An artificial photosynthesis system that is both compact and complete has been developed by scientists from the Forschungszentrum Juelich Institute of Energy and Climate Research. This is a pivotal step towards applying the technology in commercial applications. The concept is flexible in respect of both the size of the system and the materials used.
The majority of our energy will in the near future be supplied by the sun and wind. As these renewable energy sources are by nature inconsistent, research on efficient storage technologies is a major focus of research in this area. Technologies developed should be both affordable and environmentally friendly. Direct photo electrochemical water splitting is an artificial photosynthesis process that employs a combination of electrolyzers and solar cells. This method in particular meets the affordability and environmentally friendly criteria. Solar energy can be directly converted into the universal storage medium of hydrogen using this process. Although the process was first examined in the 1970s, it has only in recent year been attracting increased attention. Researchers have thus far focused on materials science for new catalysts and absorber materials in an effort to improve efficiency.
One aspect that has been largely neglected so far is to develop a realistic design that can take the technology from laboratories and apply it in practical applications. Juelich solar cell researchers Bugra Turan and Jan-Philipp Becker are however changing this. Turan explains that photo electrochemical water splitting has only ever been done in a laboratory. Although the individual materials and components have been enhanced through previous research, not one person has actually tried to manufacture a real application.
The new design developed by the two specialist is undoubtedly different from the usual laboratory experiments. Turan and Becker have created a self-contained, compact system – manufactured completely from low-cost materials that are readily available instead of using the individual components the size of a finger nail that are normally used.
The component still appear relatively small having a surface area of only 64 square cm, but the flexible design is what makes the difference. It is possible to fabricate systems that are several square meters in size simply by continuously duplicating the basic unit. This unit consists of a number of solar cells that are connected to each other by using an unusual laser technique. Becker explains that this connection in series means that each unit reaches the 1.8 volt required for hydrogen production. Doing things this way results in greater efficiency when compared to the techniques usually used for scaling up in laboratory experiments.

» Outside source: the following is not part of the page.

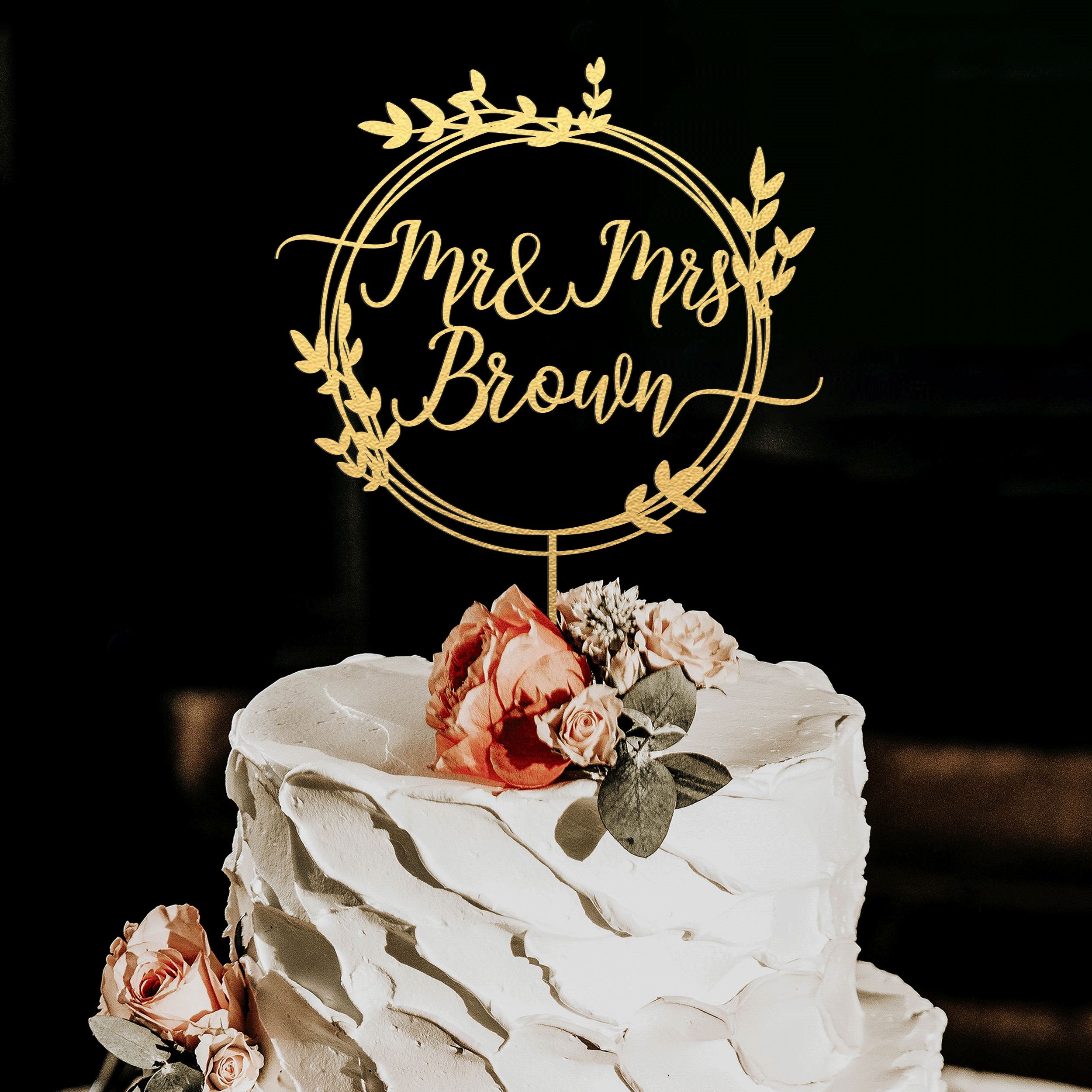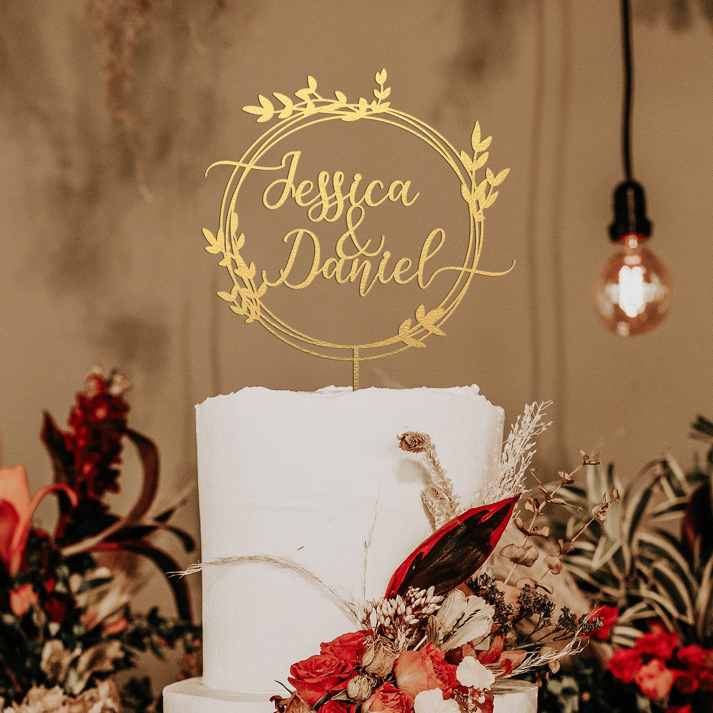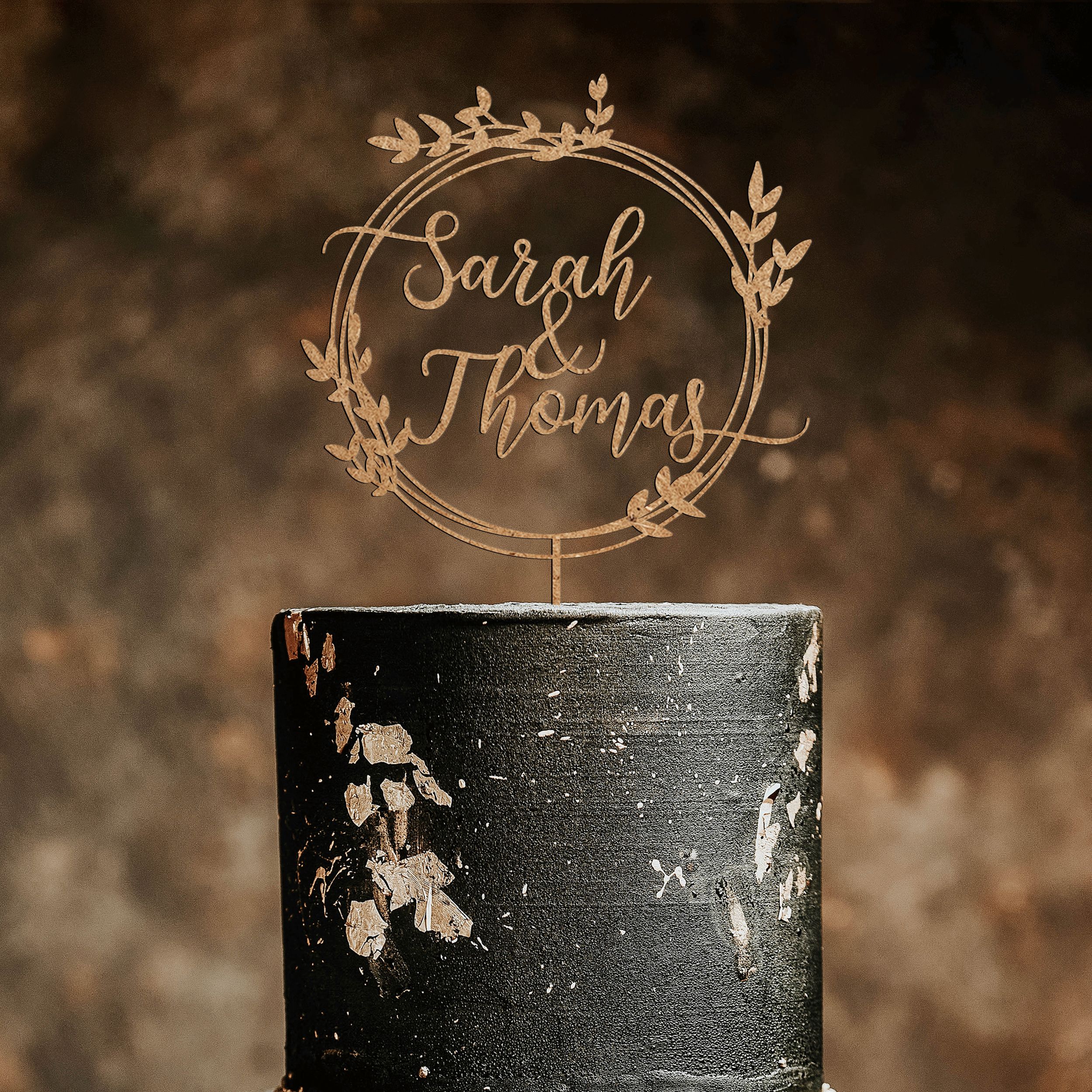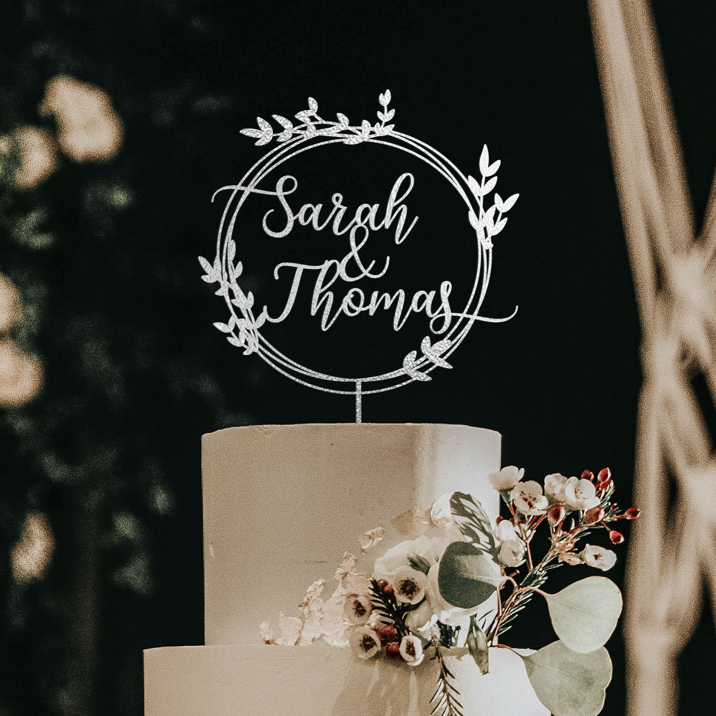 Elegant Greenery Wedding Cake Topper, Custom Names Cake Topper, Floral Wreath Cake Topper for Wedding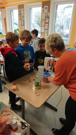 Barbara Endraß, ehemalige Werkenlehrerin der Schule, unterstützte die Klasslehrerin Frau Graser fachkundig und engagiert.

The prototype currently has a solar-to-hydrogen efficiency of 3.9%. Turan points out that although this does not sound like much, natural photosynthesis only achieves an efficiency of 1% and since they have only created the first draft for a complete facility, there is still plenty of room for improvement. Becker thinks that the Jülich design could be increased to about 10% efficiency within a short time simply by using conventional solar cell materials. There are however also other approaches that could be explored, for example using perovskites, a novel class of hybrid materials. By using these, it should be possible to achieve efficiencies of up to 14%.
One huge advantage of the new design is that it enables the two main components to be optimized independently. An electrochemical component uses electricity for water splitting while a photovoltaic component produces the required electricity from solar energy. Becker notes that they have patented the concept, which can also be applied for various types of electrolyzer and most types of thin-film photovoltaic technology. The team feels that they have created a solid basis from which a market launch is the next logical step.